- [WORK ITEM]: Transcribe exactly, please, the lines from the one containing "Jornada de vacunación" through the end of the records below, and leave out the pictures.

***** SOURCE MATERIAL *****

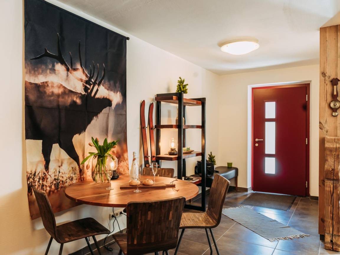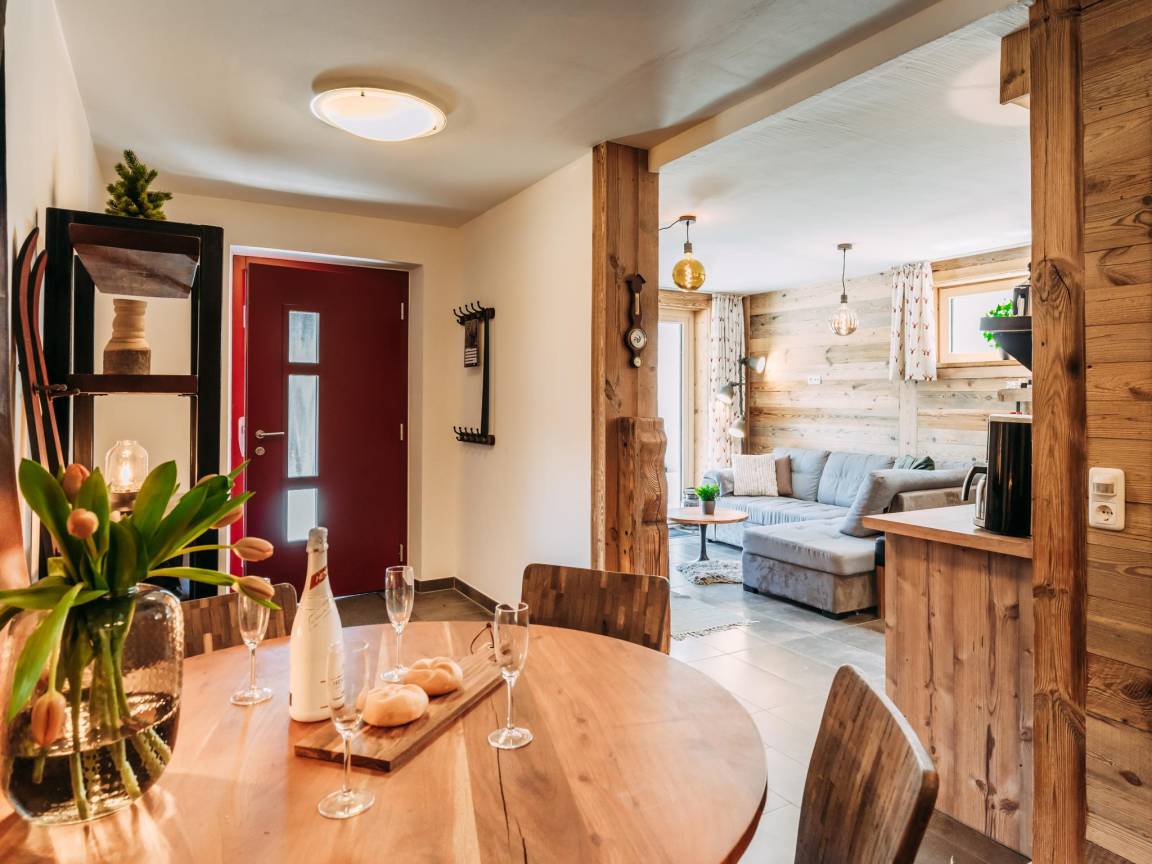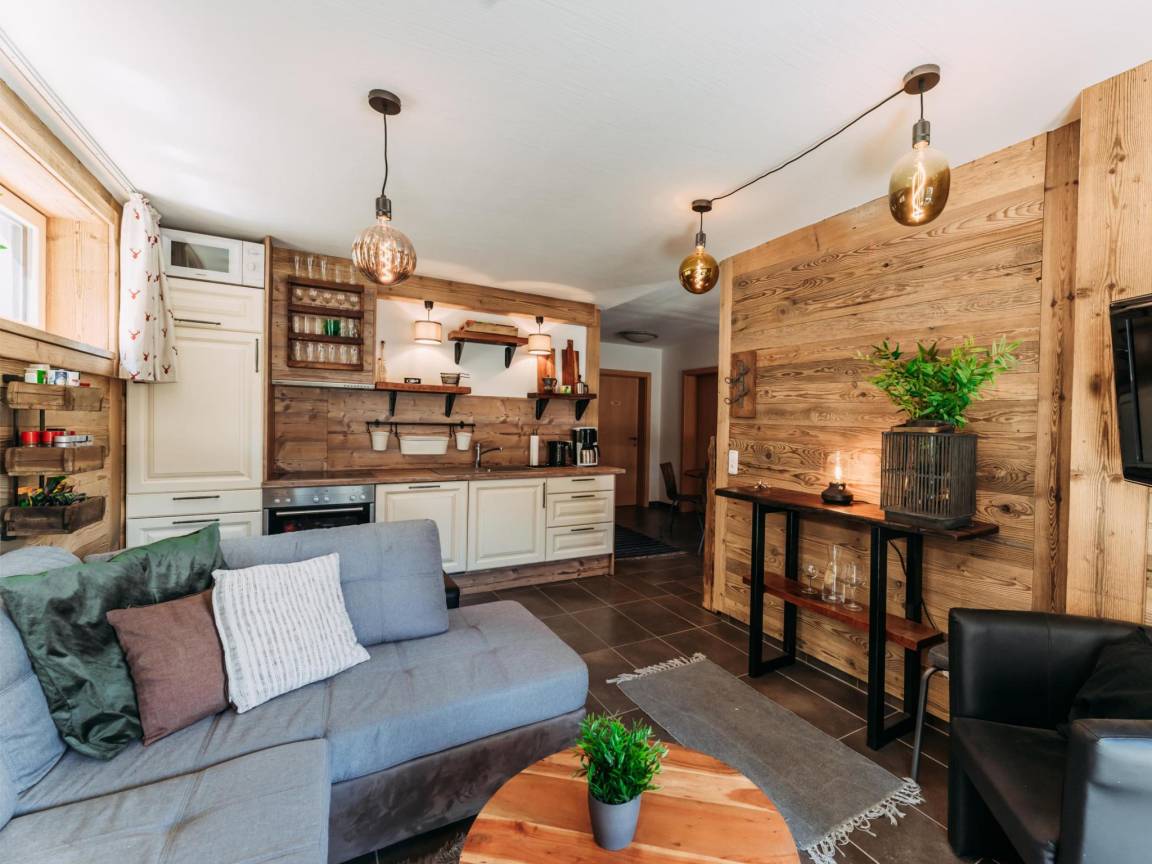Hausbeschreibung : Das Ferienhaus liegt fast direkt an der Piste und nur wenige Gehminuten vom malerischen Dorf Rauris entfernt. Natürlich genießen Wintersportler die ideale Lage dieses Ski-in/Ski-out. Das Ski-in/Ski-out-Ferienhaus wurde im Jahr 2020 komplett renoviert und in 4 moderne Unterkünfte umgewandelt. Diese Unterkunft befindet sich im Erdgeschoss und verfügt über einen eigenen Eingang, ein Wohn-/Schlafzimmer mit TV und eine voll ausgestattete offene Küche mit Essbereich.
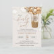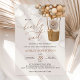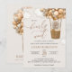 Invite a sus amigos y familiares con estilo y establezca el tono de su día especial con esta encantadora invitación a la ducha de bebé. El diseño presenta un oso bebé con globos beige de fondo beige.
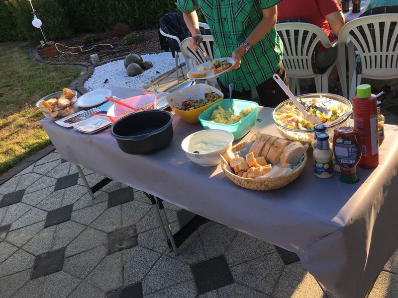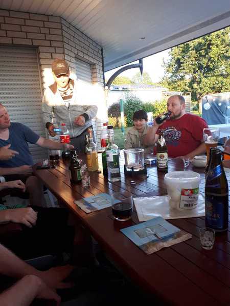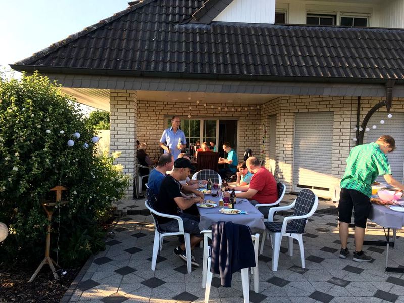 Das Wetter spielte mit, so dass man es sich auf Terrasse bei reichlicher Flüssigkeitszufuhr und gut gegrillten Würstchen und Fleisch bis spät in den Abend hinein gut gehen lassen konnte.
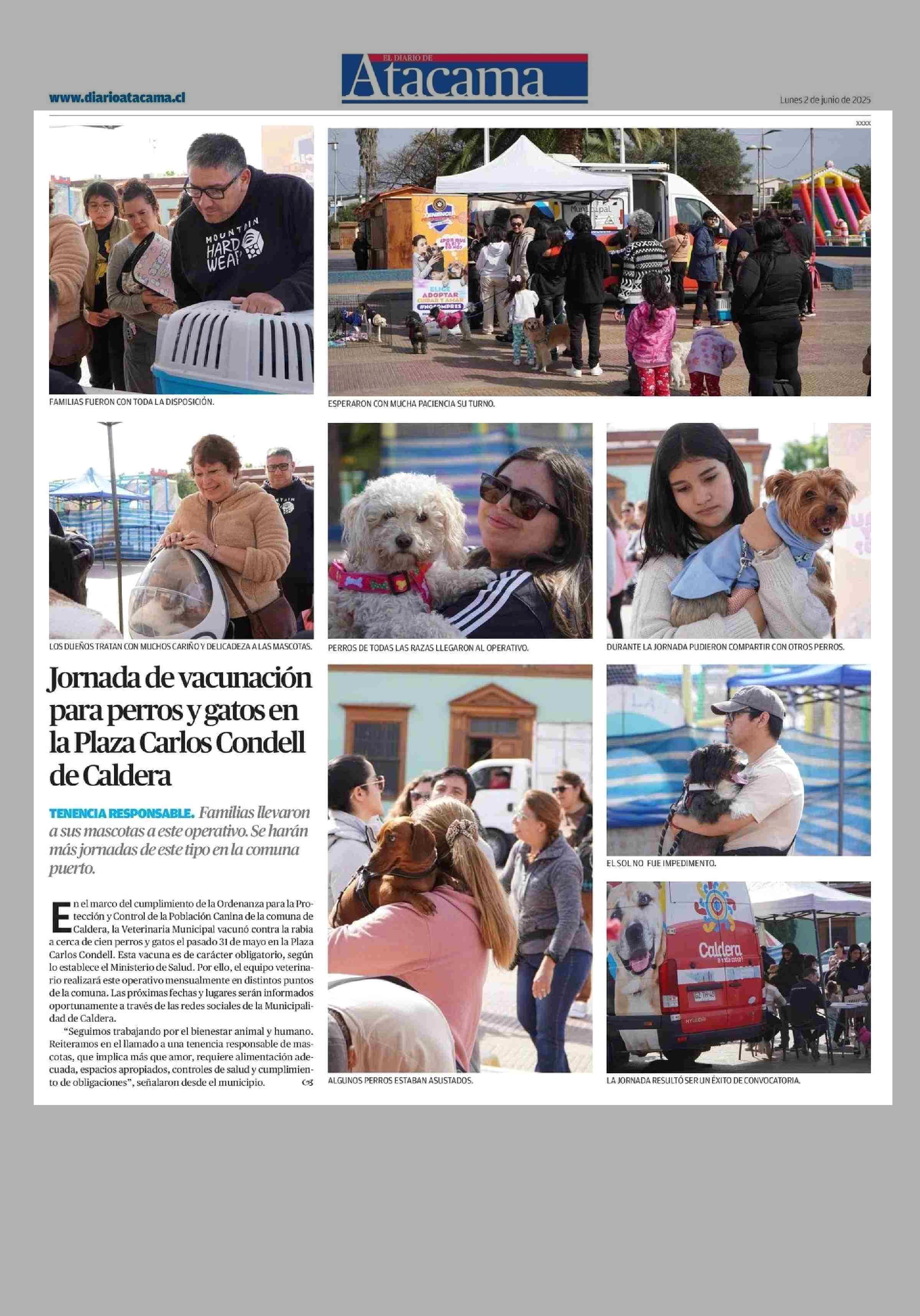 Jornada de vacunación para perros y gatos en la Plaza Carlos Condell de Caldera 02-06-2025 El Diario de Atacama |
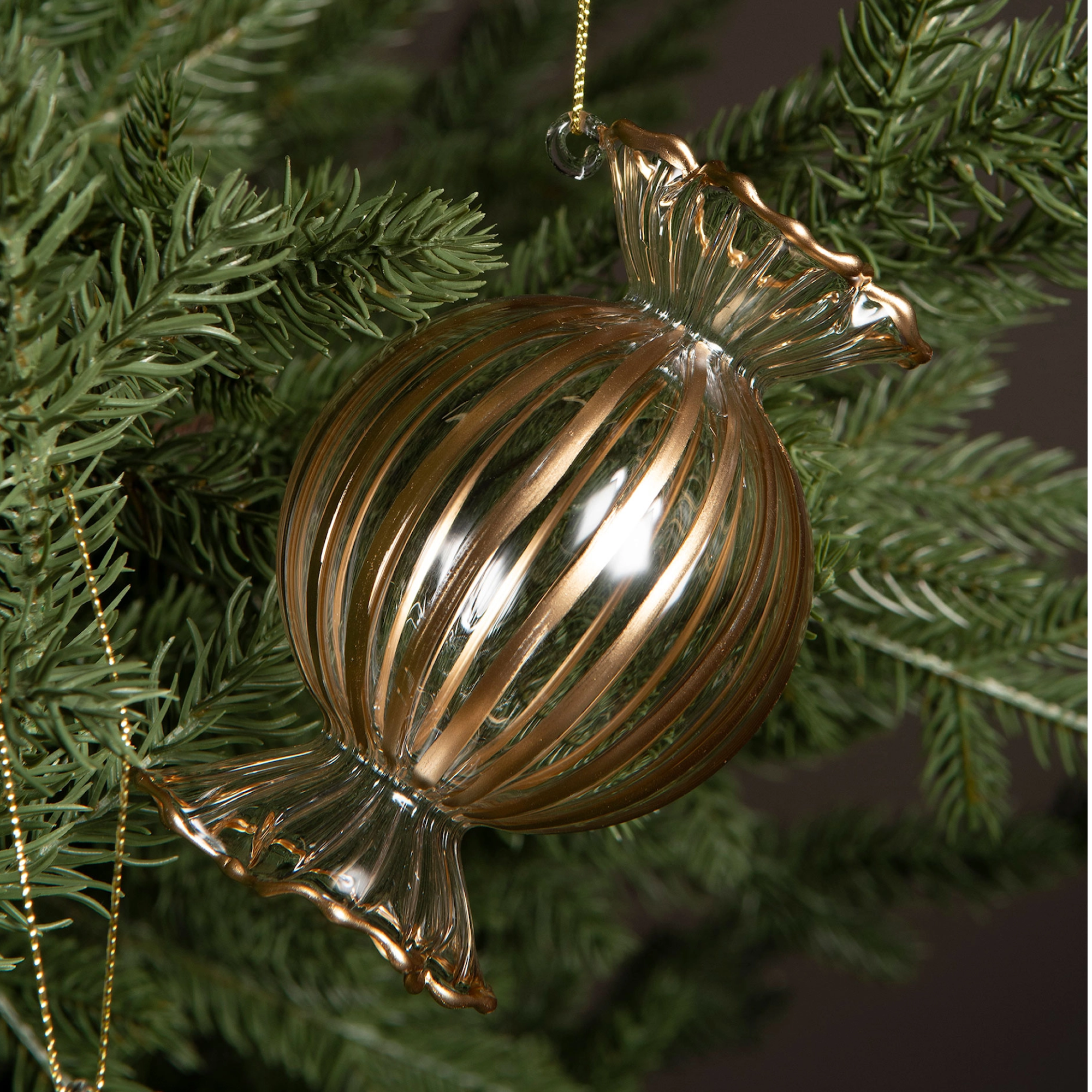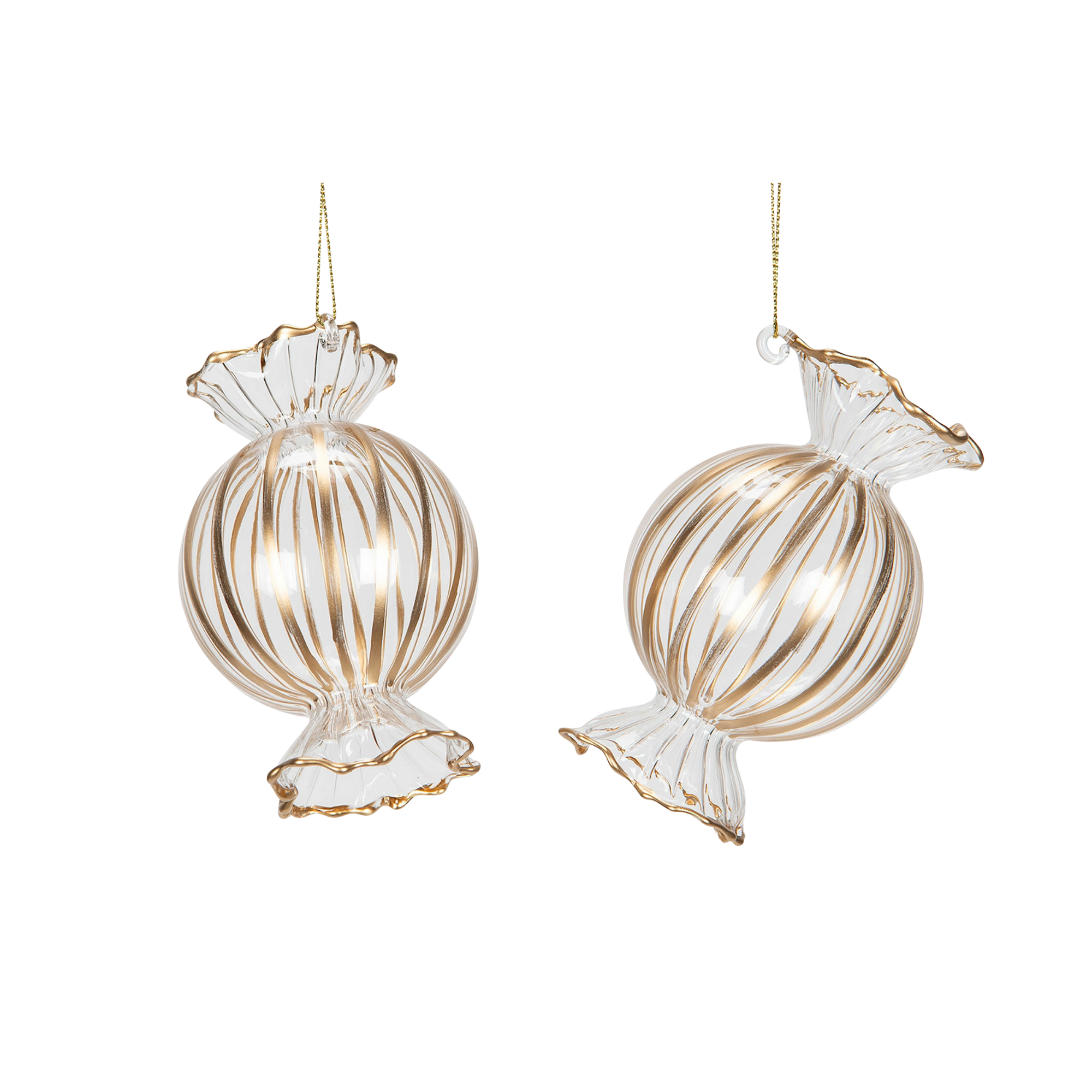 Dessa dekorativa karameller i glas är som små konstverk i granen. Den klassiska formen och de stilrena guldränderna skapar ett elegant och lekfullt uttryck som passar lika fint i traditionell julpyntning som i en mer avskalad stil.

*****

- [SOLUTION TO THIS PROBLEM]:
 Jornada de vacunación para perros y gatos en la Plaza Carlos Condell de Caldera 02-06-2025 El Diario de Atacama |
 Dessa dekorativa karameller i glas är som små konstverk i granen. Den klassiska formen och de stilrena guldränderna skapar ett elegant och lekfullt uttryck som passar lika fint i traditionell julpyntning som i en mer avskalad stil.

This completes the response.